Dutch public prosecutors cannot extend the scope of European Union arrest warrants because they answer to a higher political body, the EU’s top court held Tuesday.

LUXEMBOURG (CN) — Dutch public prosecutors cannot extend the scope of European Union arrest warrants because they answer to a higher political body, the EU’s top court held Tuesday. 

The Dutch Public Prosecution Service is not an “executing judicial authority” under the European arrest warrant system, the European Court of Justice found, as it takes direction from the Netherlands Ministry of Justice. 

Under the EAW system, warrants issued by any EU member states are valid across all countries in the 27-member political and economic union. However, the EAW directive framework specifies that “a person who has been surrendered may not be prosecuted, sentenced or otherwise deprived of liberty for an offence committed prior to his or her surrender other than that for which he or she was surrendered.” Article 27 of the directive offers a few exceptions to this rule, including if an executing judicial authority approves the change. 

The case before the Court of Justice involves the 2017 arrest of a Belgian man, referred to as A.Z. in court records, by Dutch authorities. A.Z. was wanted in Belgium on charges of forgery and fraud, and a Belgian court had issued an EAW for him. He was turned over to the Belgian authorities in December 2017. 

In January 2018, the Belgian court issued a second EAW for crimes not listed in the first warrant. The Amsterdam public prosecutor's office approved the second warrant, agreeing to broaden the scope of the prosecution. 

A.Z. was convicted of the charges in both warrants and sentenced to three years in prison. He appealed his conviction, arguing that the public prosecution office cannot be considered an executing judicial authority as it is part of the Ministry of Justice. The Belgian high court sought clarification from the Luxembourg-based Court of Justice, which sided with A.Z.  

“Consent cannot in any event be given by an authority which may in exercising its decision-making power receive an instruction in a specific case from the executive and which consequently does not satisfy the necessary conditions to be characterized as an ‘executing judicial authority,’” the EU high court wrote. 
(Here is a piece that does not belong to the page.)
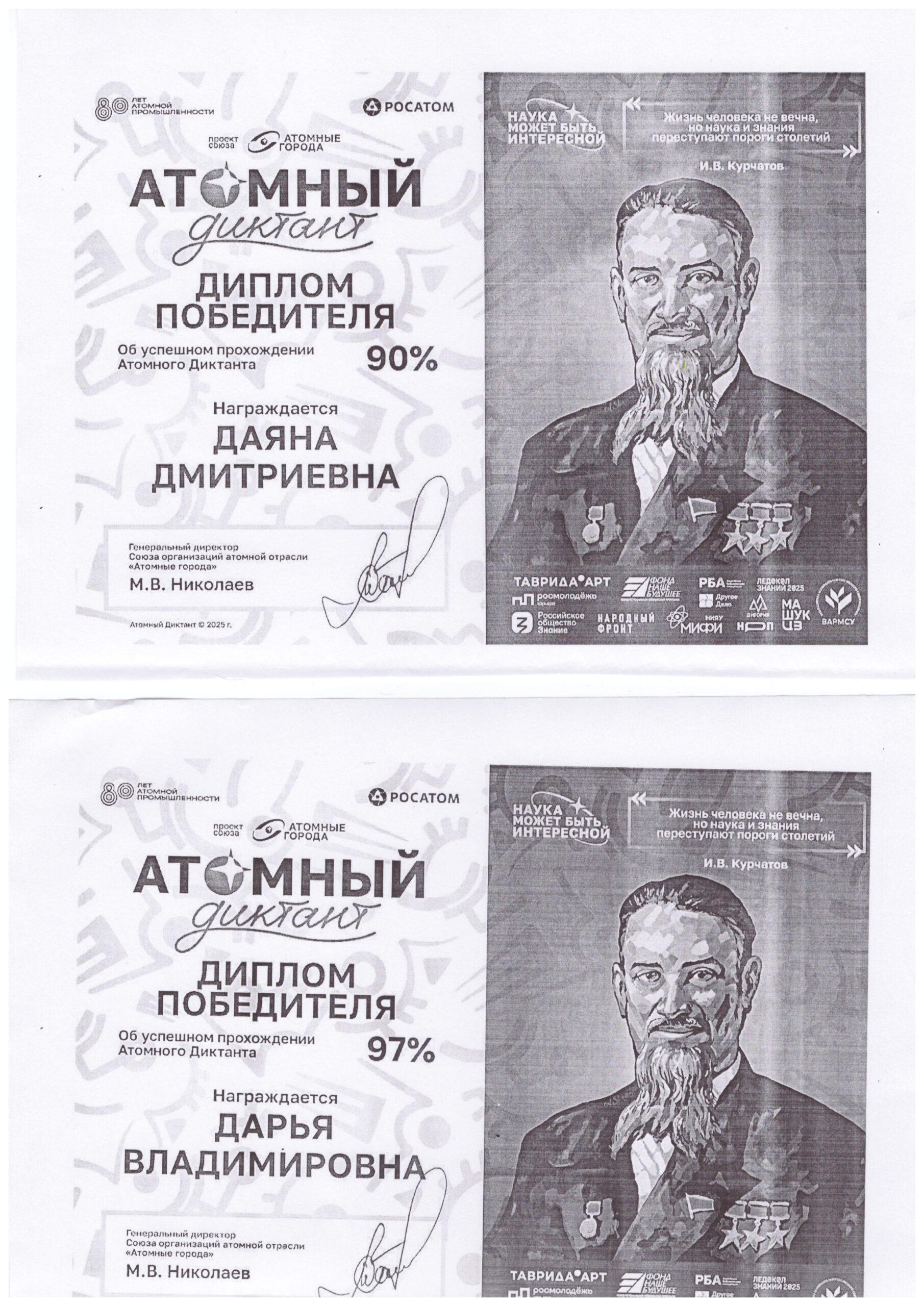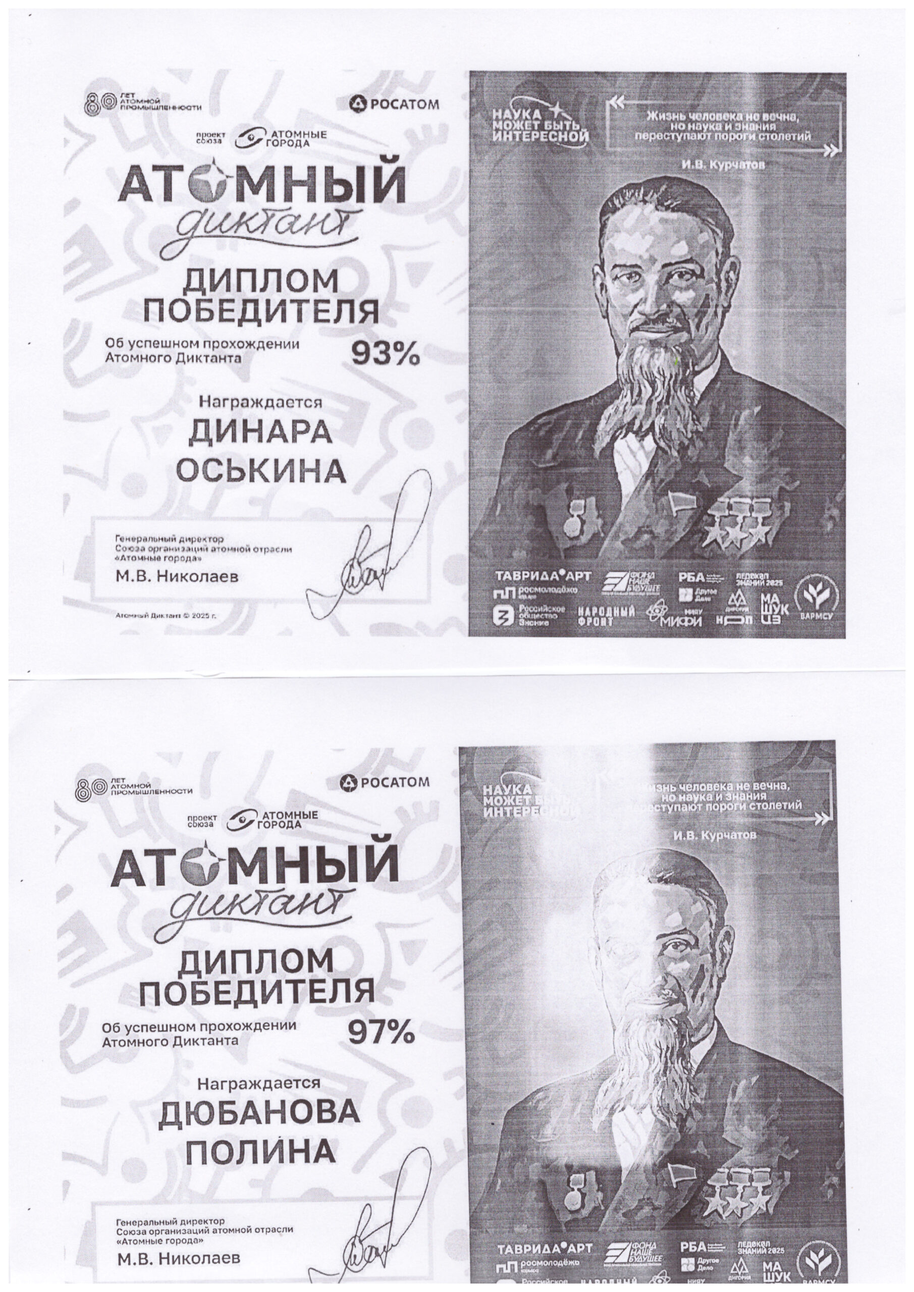 С 1 по 14 сентября 2025 года состоялся пятый юбилейный «Атомный диктант» — масштабный просветительский проект, организованная Союзом «Атомные города» при поддержке Госкорпорации «Росатом». Проект направлен на популяризацию знаний об атомной отрасли, включая вопросы энергетики, экологии, безопасности и истории атомной промышленности. В ходе диктанта школьники отвечали на вопросы по истории развития атомных технологий, безопасности использования ядерных материалов и перспективах применения атомной энергии. Учащиеся узнали много нового и интересного из истории развития атомной энергетики в Советском Союзе и Российской Федерации.

The Dutch government defended its decision, arguing that it was the Amsterdam District Court that gave approval for the initial warrant. But in the case of the second warrant, the decision was made exclusively by the public prosecutor, as the court had approved the first warrant and A.Z. had already been turned over to the Belgian authorities. 

The Belgian high court requested that any decision be limited to the case at hand, claiming a broader ruling would create confusion in the EAW system. But the Court of Justice disagreed.

“In the present case the Public Prosecutor’s Office has raised no evidence capable of proving that the criteria for interpretation upheld by the court in the present case entail a risk of serious difficulties with respect to procedures for the execution of European arrest warrants,” the ruling states. “The temporal effects of the present judgment should not be limited.”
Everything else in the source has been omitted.